Secessionist state in western South America from October to November 1837

The Peruvian Republic was a state that declared itself independent from the Peru–Bolivian Confederation in 1837 under the nominal leadership of Antonio Gutiérrez de la Fuente as Supreme Chief of Peru.

This ephemeral state, although it claimed the entire territory of Peru, barely had control over Arequipa, and saw its end when its troops were cornered by the Confederate Army, and forced to sign the Paucarpata Peace Treaty.

==History==

The rivalry that existed between the ports of Callao and Valparaíso worsened as a result of the establishment of the Peru–Bolivian Confederation, which led to the souring of relations between the Confederation and Chile.

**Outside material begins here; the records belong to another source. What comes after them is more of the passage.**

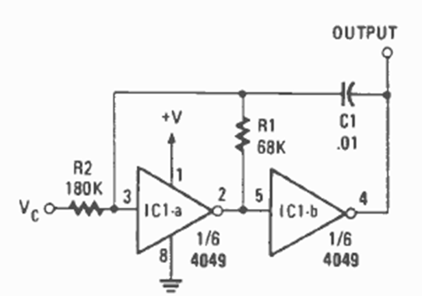 This voltage-controlled oscillator is one of many versions that can be found on this site. The circuit has the frequency determined by C1. The power supply is between 3 and 12 V.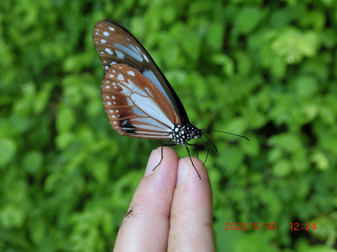 このチョウは私が最も好きな蝶なのですが、なぜか不思議なことに手乗りの回数は少なく、写真に残せたのは翅を閉じたままのこの1枚だけなのです。この後も開翅を期待してじっと待ち続けたのですが、最後まで開翅はしてくれませんでした。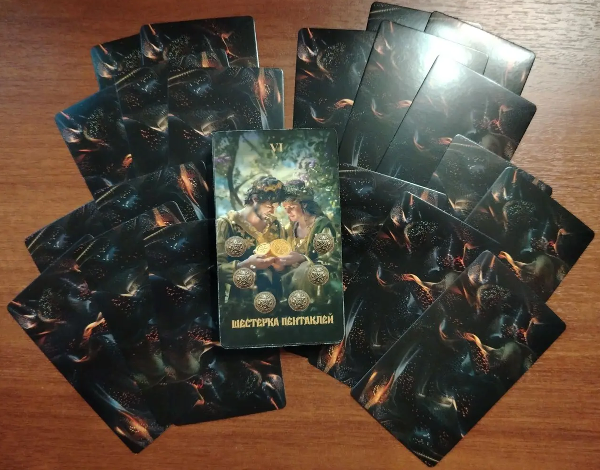 Давайте посмотрим, что ждать от партнера, какие мысли занимают его голову, что планирует и что будет делать в Ваших с ним отношениях. На дней колоды шестерка пентаклей, что в общем говорит о том, что фоном Ваших отношений является некая взаимность. Что вы даете друг другу в отношениях, то и получаете. В большинстве случаев, этот обмен неравноценный, но в данной колоде мы видим, что пара достаточно тепло и щедро предлагает друг другу то, что у каждого есть. Так что если у партнера сейчас выявим какой-то негатив, то в первую очередь постарайтесь понять, а что Вы такого ему не додаете или каким-то еще образом привносите тот негатив, который зеркалит и возвращает Вам Ваш партнер. О чем думает Ваш партнер? Мечутся мысли его, как испуганные кролики в клетке. И причина всей этой сумятицы в том, что коренным образом меняются его изначальные ценности, которые в нем взращивали, которым он следовал, которые были приняты им и его окружением. А тут как будто яркие софиты вдруг озаряют различные сфе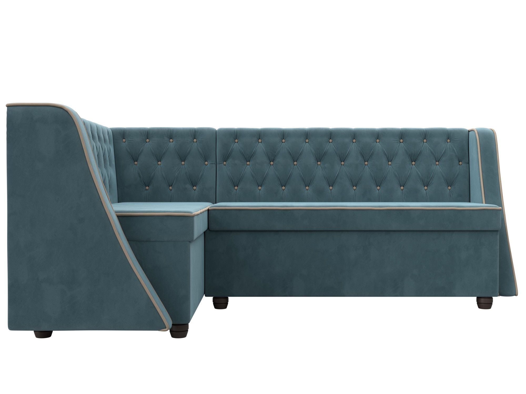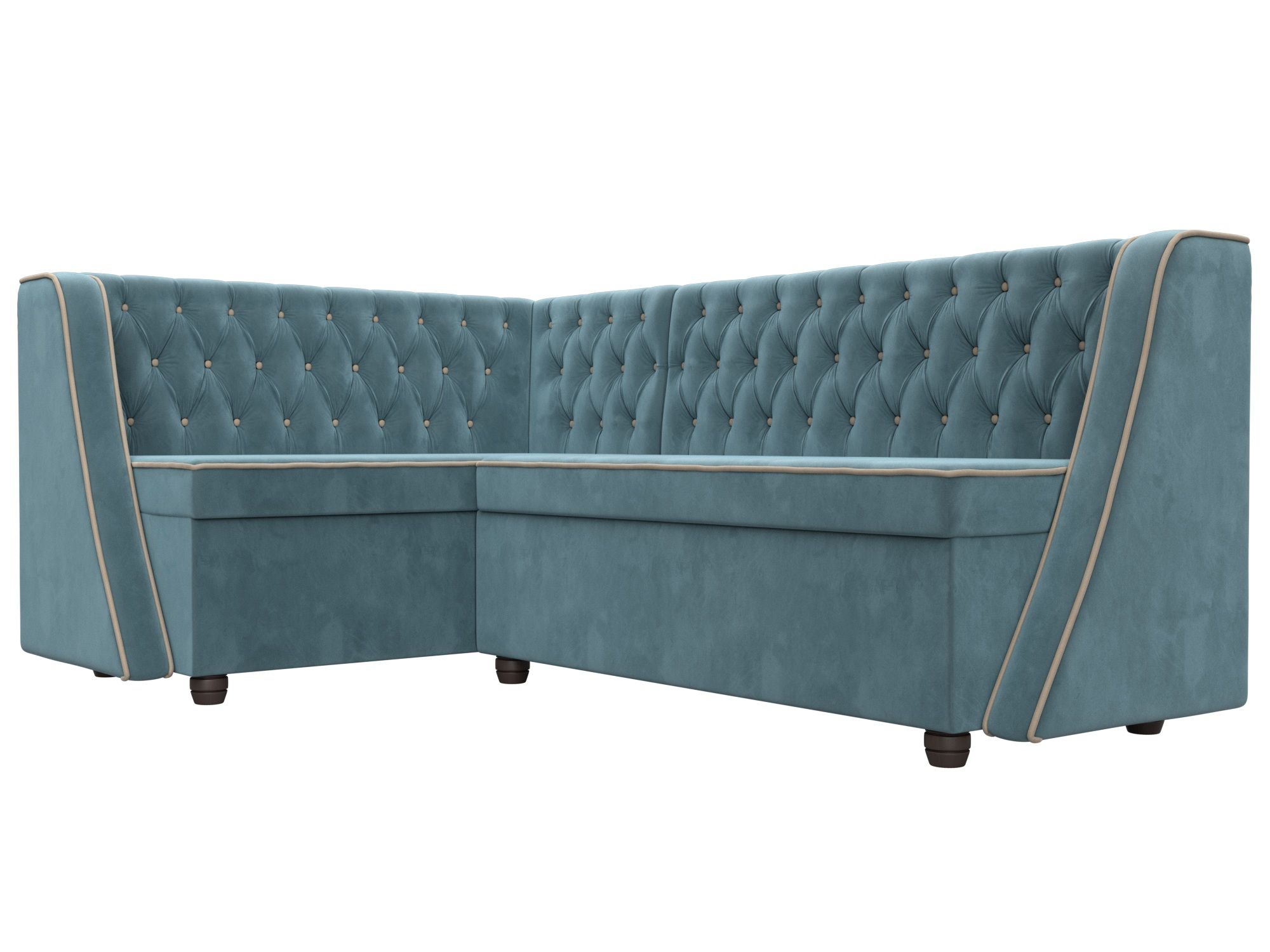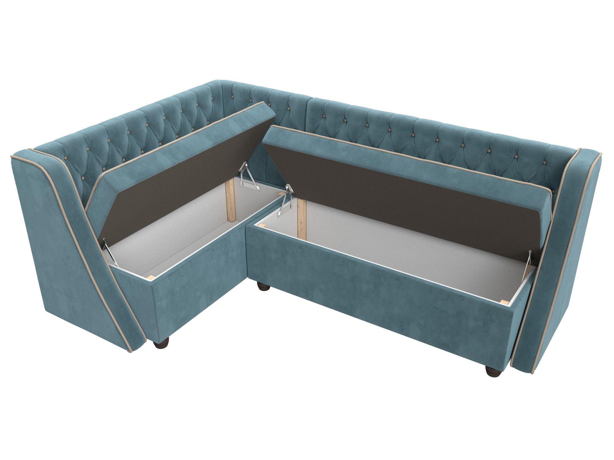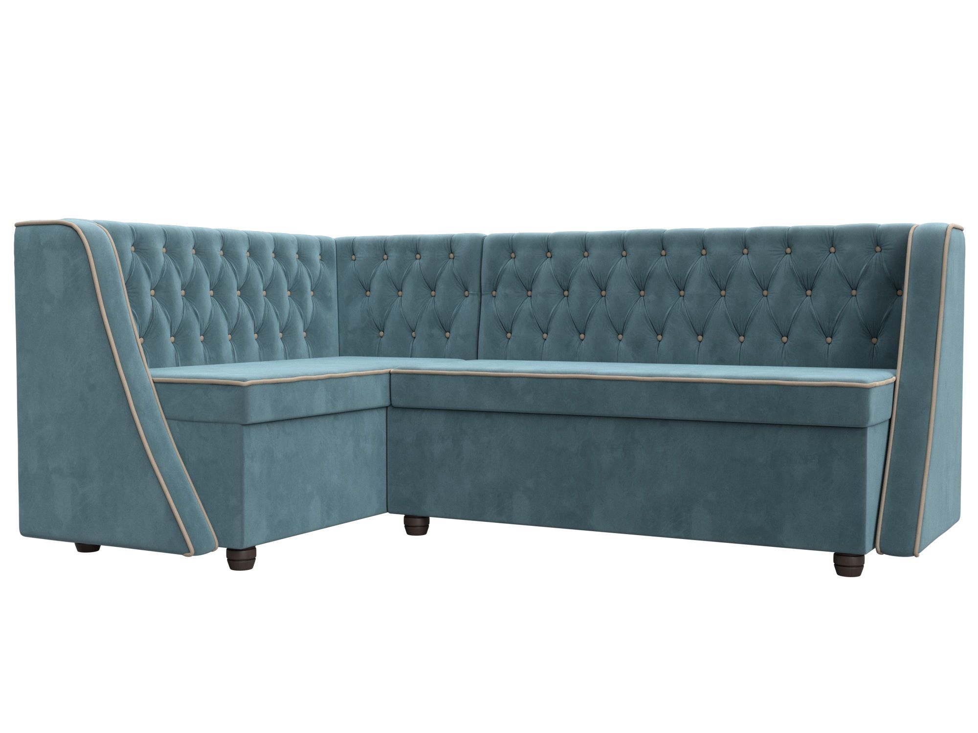 Диван кухонный угловой Лофт левый угол Бирюзовый\Бежевый, Велюр

A tariff war soon began between both states, and Luis José de Orbegoso's support of Ramón Freire's failed expedition against Diego Portales worsened the situation. Thus, the Congress of Chile approved the declaration of war on December 26, 1836, claiming that Andrés de Santa Cruz's rule over Peru was illegitimate, and that his influence threatened the integrity of other South American nations, as seen by Orbegoso's support for the attempted invasion of Chile by Freire, specifically pointing out the attempt on Portales. Portales was later assassinated in Valparaíso after a mutiny broke out in Quillota, leading to preparations for the invasion of South Peru.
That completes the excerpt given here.